As Dan Gryder puts it, “We simply cannot be expected to remember VDMMS, particularly in a stressful situation like a go-around or engine-out, and to then know when we are dropping below it. VDMMS in not indicated on your ASI. You need to calculate it and place it there!“
OK, so onto defining VDMMS . . .
Dan Gryder has determined that 1.404 x VS1 (stall speed – ‘bottom of the green arc‘) is the Defined Minimum Manoeuvring Speed (VDMMS) that a pilot should be flying at in any of the these FIVE situations:
- When on Climb-Out
- When in the Circuit
- When on Final Approach (until stabilised, then Vref)

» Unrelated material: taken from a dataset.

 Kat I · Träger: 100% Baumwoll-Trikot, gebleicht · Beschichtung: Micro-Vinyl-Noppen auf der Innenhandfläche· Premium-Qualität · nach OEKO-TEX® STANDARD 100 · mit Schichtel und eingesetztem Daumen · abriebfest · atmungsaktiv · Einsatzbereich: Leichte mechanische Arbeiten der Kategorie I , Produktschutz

- When Conducting a Go-Around
- When wanting to achieve Best Glide (in the event of an engine failure in a single-engine aircraft)

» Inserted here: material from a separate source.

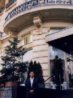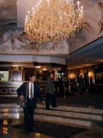 ホテルの玄関で記念写真です。部屋はゆっくりした気分で過ごせました。中央は、ホテルのロビーです。タイムスリップをした気分です。コンサートがあるからということでついていきましたが、日本は深夜です。半分は寝ていました。最初から過密の日程でした。

Image courtesy of Boldmethod
Adding a VDMMS Bug to your aircraft ASI!
So, take the ‘bottom of the GREEN ARC‘ stall speed of your aircraft, VS1, multiply it by 1.404, and then once you have the answer, PLACE A MARKER on your aircraft airspeed indicator (as shown by the orange marker line on the diagram of the ASI above), which will then serve as a constant reminder of the Defined Minimum Manoeuvring Speed (VDMMS) that you SHOULD NOT DROP BELOW when on climb-out, when in the circuit, when on final approach (until stablised), when conducting a go-around, or when wanting to achieve best glide (in the event of an engine failure in a single-engined aircraft)!
In the video that follows, Dan Gryder discusses VDMMS with Juan Brown from the Blancolirio Youtube channel . . .
VDMMS = VS1 x 1.404
To explain the factor of 1.404, 30% is added to VS1 for Minimum Manoeuvring Speed and then a further 8% is added to allow for a 30 degree angle of bank.
VS1 x 1.3 x 1.08 = VS1 x 1.404 = VDMMS
Fit Your Aircraft’s VDMMS Bug Today!
Cut a thin strip of tape or even a thin strip from the sticky end of a Post-it Note, and apply it to the face of your aircraft’s ASI, marking the airspeed you have calculated for VDMMS! Don’t delay . . . DO IT TODAY!